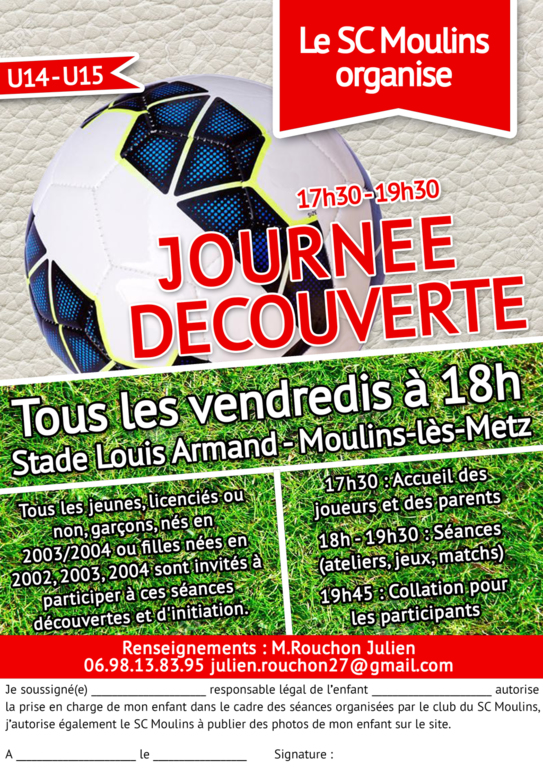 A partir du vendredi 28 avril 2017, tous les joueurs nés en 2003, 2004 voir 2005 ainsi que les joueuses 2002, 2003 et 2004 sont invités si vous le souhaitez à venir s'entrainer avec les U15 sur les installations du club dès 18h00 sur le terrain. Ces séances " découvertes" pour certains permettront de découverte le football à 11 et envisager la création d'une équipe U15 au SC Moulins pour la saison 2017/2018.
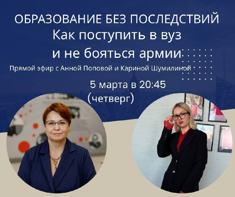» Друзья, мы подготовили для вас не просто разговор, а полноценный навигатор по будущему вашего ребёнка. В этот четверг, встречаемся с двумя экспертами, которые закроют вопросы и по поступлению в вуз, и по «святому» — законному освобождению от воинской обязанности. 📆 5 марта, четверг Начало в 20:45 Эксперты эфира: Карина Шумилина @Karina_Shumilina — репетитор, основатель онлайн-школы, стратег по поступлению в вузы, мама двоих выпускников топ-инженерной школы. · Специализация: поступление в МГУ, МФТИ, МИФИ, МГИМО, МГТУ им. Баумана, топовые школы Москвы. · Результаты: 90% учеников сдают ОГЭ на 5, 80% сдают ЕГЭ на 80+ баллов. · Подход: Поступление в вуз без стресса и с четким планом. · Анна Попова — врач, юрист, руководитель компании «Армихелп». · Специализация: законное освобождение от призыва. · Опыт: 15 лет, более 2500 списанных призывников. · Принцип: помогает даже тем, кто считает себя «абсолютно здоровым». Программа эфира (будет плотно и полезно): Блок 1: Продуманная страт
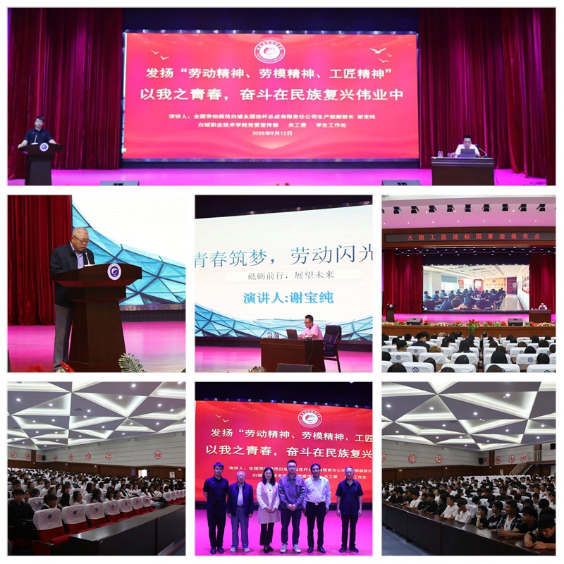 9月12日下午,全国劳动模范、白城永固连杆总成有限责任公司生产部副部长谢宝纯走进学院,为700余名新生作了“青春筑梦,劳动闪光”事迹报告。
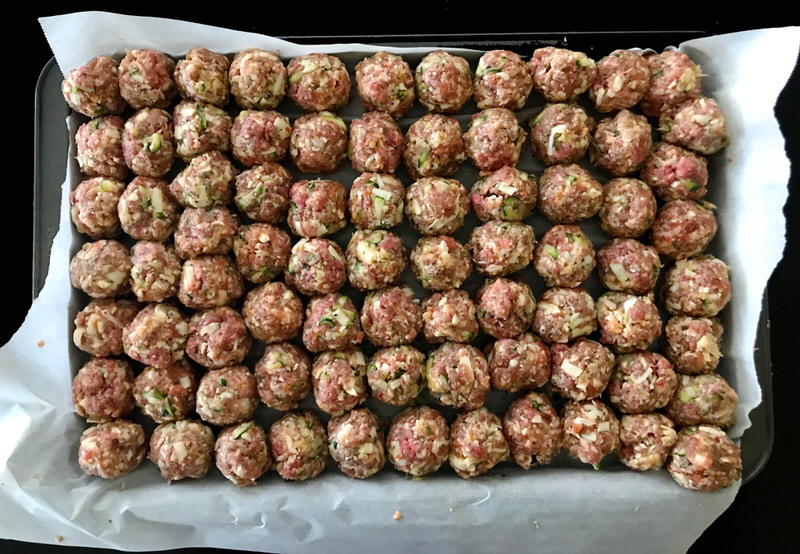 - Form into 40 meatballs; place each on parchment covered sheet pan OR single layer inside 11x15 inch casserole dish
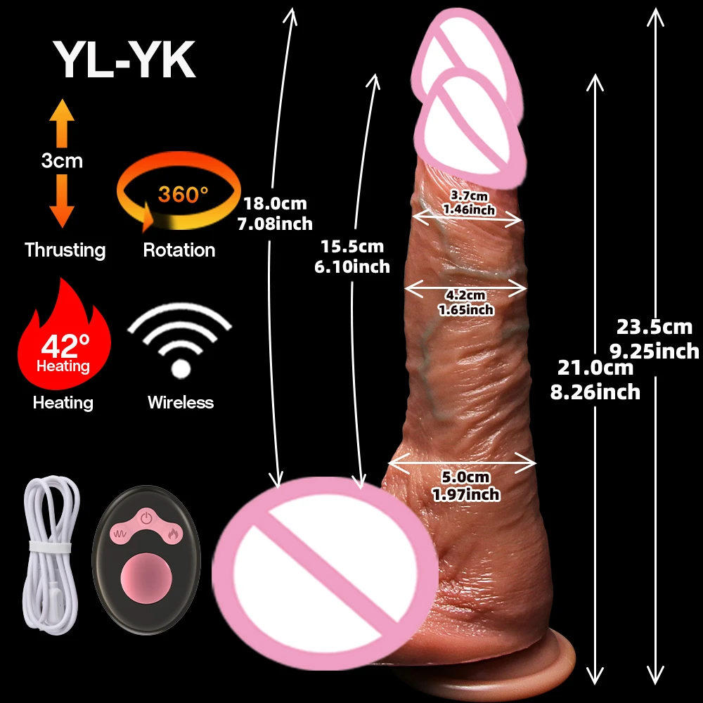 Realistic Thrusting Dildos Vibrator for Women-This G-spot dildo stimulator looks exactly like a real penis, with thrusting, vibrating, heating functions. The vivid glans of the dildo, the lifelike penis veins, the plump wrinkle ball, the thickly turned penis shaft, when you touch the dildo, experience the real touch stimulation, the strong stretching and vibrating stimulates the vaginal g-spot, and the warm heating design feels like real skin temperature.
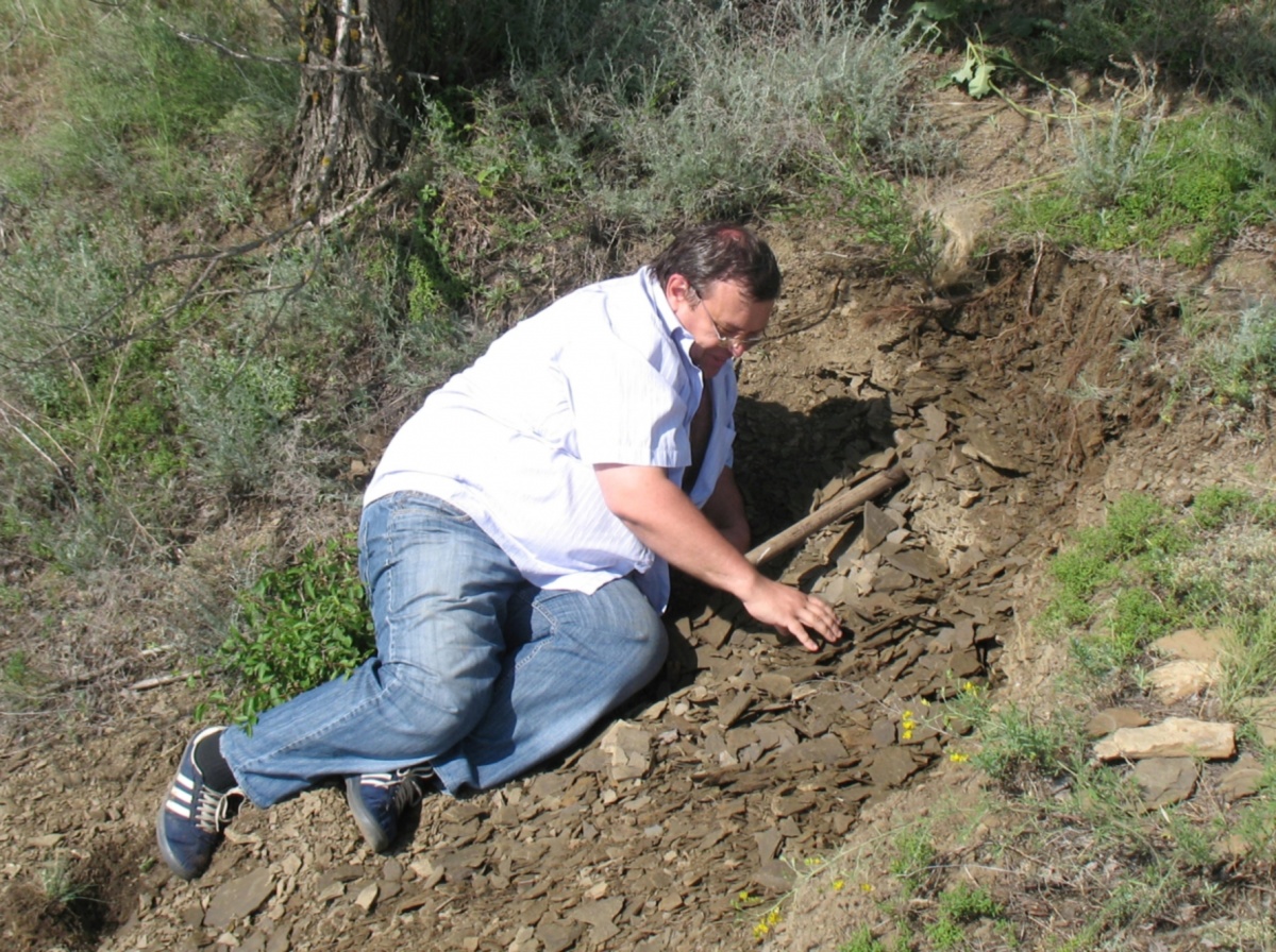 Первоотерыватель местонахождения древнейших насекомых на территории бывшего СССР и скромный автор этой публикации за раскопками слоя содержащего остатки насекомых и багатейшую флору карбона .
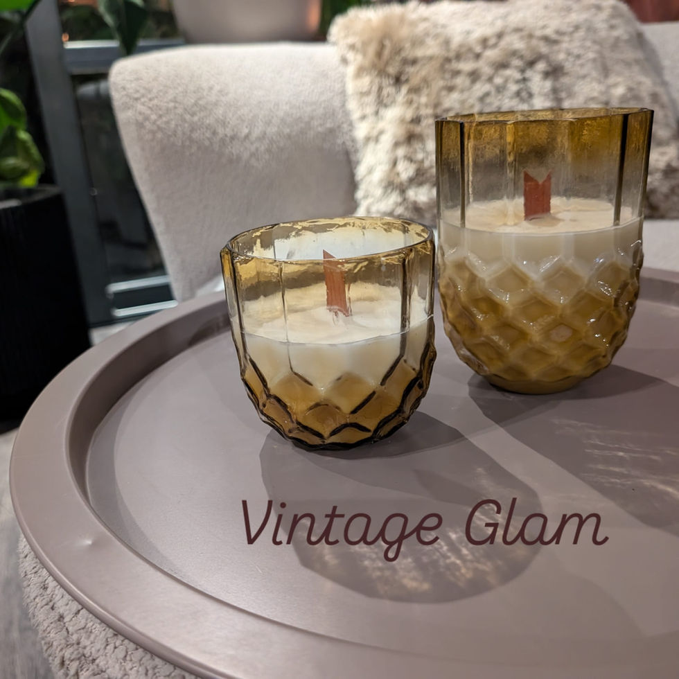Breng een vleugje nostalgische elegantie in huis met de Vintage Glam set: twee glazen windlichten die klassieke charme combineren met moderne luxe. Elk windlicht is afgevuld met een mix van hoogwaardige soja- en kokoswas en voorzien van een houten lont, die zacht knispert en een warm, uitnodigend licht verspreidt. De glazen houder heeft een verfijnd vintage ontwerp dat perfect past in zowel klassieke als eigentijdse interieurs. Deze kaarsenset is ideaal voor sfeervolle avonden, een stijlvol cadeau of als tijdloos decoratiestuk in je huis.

===============

EXERCISE INSTRUCTIONS — From the line holding "- Form into" to the last line of the listing, please output each line exactly as it stands. Pictures stay out of the copy.

EXERCISE ANSWER —
 - Form into 40 meatballs; place each on parchment covered sheet pan OR single layer inside 11x15 inch casserole dish
 Realistic Thrusting Dildos Vibrator for Women-This G-spot dildo stimulator looks exactly like a real penis, with thrusting, vibrating, heating functions. The vivid glans of the dildo, the lifelike penis veins, the plump wrinkle ball, the thickly turned penis shaft, when you touch the dildo, experience the real touch stimulation, the strong stretching and vibrating stimulates the vaginal g-spot, and the warm heating design feels like real skin temperature.
 Первоотерыватель местонахождения древнейших насекомых на территории бывшего СССР и скромный автор этой публикации за раскопками слоя содержащего остатки насекомых и багатейшую флору карбона .
Breng een vleugje nostalgische elegantie in huis met de Vintage Glam set: twee glazen windlichten die klassieke charme combineren met moderne luxe. Elk windlicht is afgevuld met een mix van hoogwaardige soja- en kokoswas en voorzien van een houten lont, die zacht knispert en een warm, uitnodigend licht verspreidt. De glazen houder heeft een verfijnd vintage ontwerp dat perfect past in zowel klassieke als eigentijdse interieurs. Deze kaarsenset is ideaal voor sfeervolle avonden, een stijlvol cadeau of als tijdloos decoratiestuk in je huis.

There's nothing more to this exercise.